▸ GIVEN DATA

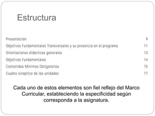 Este documento presenta la estructura y contenido del programa de estudio de Filosofía y Psicología. Describe los elementos del marco curricular como contenido conceptual, actividades de aprendizaje, sugerencias de evaluación y recursos de apoyo. Explica los objetivos y temas que se abordarán en los cursos de 3o y 4o medio de Filosofía, con un enfoque en el desarrollo personal y la formación ética. Además, propone orientaciones didácticas generales y objetivos fundamentales verticales para guiar la enseñ
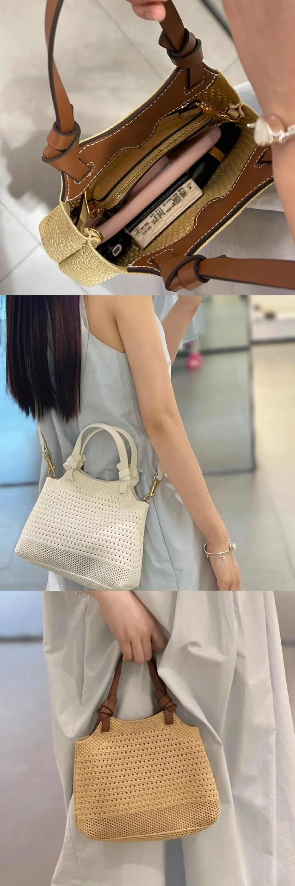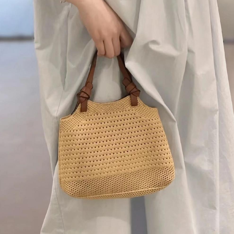 韓国シックなニッチレトロ織バッグ、高価値フォレストスタイルメッシュ中空ハンドバッグ、多用途の外出用クロスボディバッグ
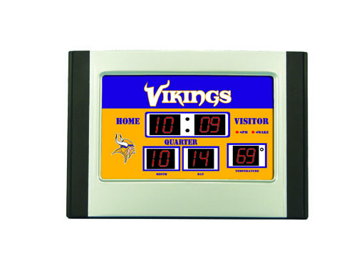 This is a cool looking mini-sized alarm scoreboard clock. Shows the time, date, and temperature and features eight different alarm settings. Measures 6.25"x9.5"x3.5"
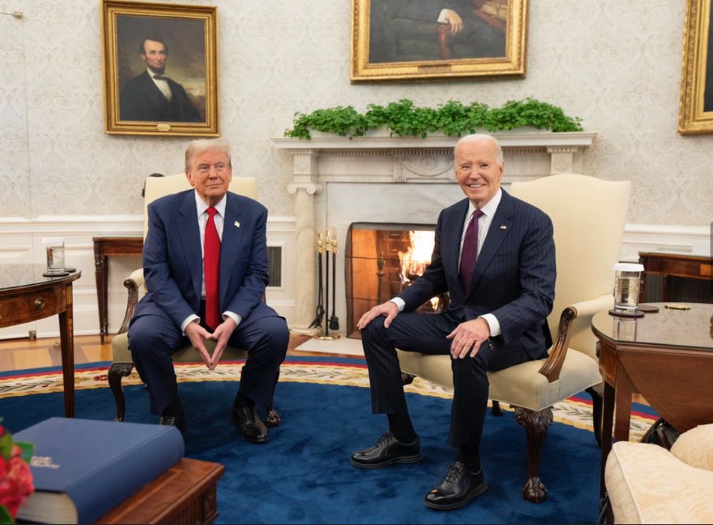 अमेरिकाका नवनिर्वाचित राष्ट्रपति डोनाल्ड ट्रम्प र वर्तमान राष्ट्रपति जो बाइडेनबीच भेटवार्ता भएको छ । नेपाली समय अनुसार गएराति भएको भेटवार्तामा सत्ता हस्तान्तरणका विषयमा महत्वपूर्ण छलफल भएको अन्तर्राष्ट्रिय सञ्चारमाध्यमहरुले जनाएका छन् । बैठकपछि ह्वाइट हाउसले एक विज्ञप्ति जारी गर्दै अमेरिकामा शक्ति हस्तान्तरण व्यवस्थित र शान्तिपूर्ण हुने प्रष्ट पारेको छ ।
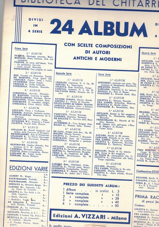 Biblioteca del chitarrista quarta serie in 6 album che contengono spartiti di: Giuliani, Barbetta, Di Ponio, Savini, Coletta, Ferrari, Fra Cassio, Brahms, Haendel, Terzi, Napolitano, ecc. di alcuni ci sono più brani.
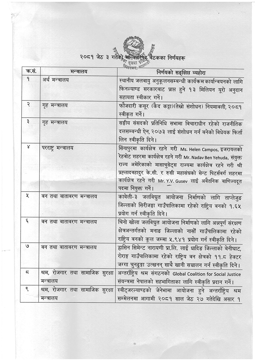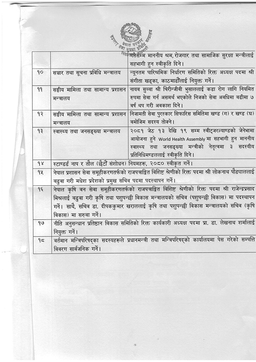 प्रधानमन्त्री र मन्त्रीहरूको सम्पत्ति विवरण सार्वजनिक गरिने, यी हुन् सरकारका १८ निर्णय
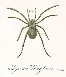 | ^ | Walckenaer, Charles Athanase: Histoire naturelle des insectes. Aptères 1. Paris, 1837, pp. 1–682. [Citation taken from P. Sacher, 1988, p. 141; modified] |

▸ TO DO
When you reach the line containing "This is a cool" in the entries above, begin restating word for word, and stop once the line containing "अमेरिकाका नवनिर्वाचित राष्ट्रपति" has been given. Omit the pictures.

▸ WRITTEN RESPONSE
 This is a cool looking mini-sized alarm scoreboard clock. Shows the time, date, and temperature and features eight different alarm settings. Measures 6.25"x9.5"x3.5"
 अमेरिकाका नवनिर्वाचित राष्ट्रपति डोनाल्ड ट्रम्प र वर्तमान राष्ट्रपति जो बाइडेनबीच भेटवार्ता भएको छ । नेपाली समय अनुसार गएराति भएको भेटवार्तामा सत्ता हस्तान्तरणका विषयमा महत्वपूर्ण छलफल भएको अन्तर्राष्ट्रिय सञ्चारमाध्यमहरुले जनाएका छन् । बैठकपछि ह्वाइट हाउसले एक विज्ञप्ति जारी गर्दै अमेरिकामा शक्ति हस्तान्तरण व्यवस्थित र शान्तिपूर्ण हुने प्रष्ट पारेको छ ।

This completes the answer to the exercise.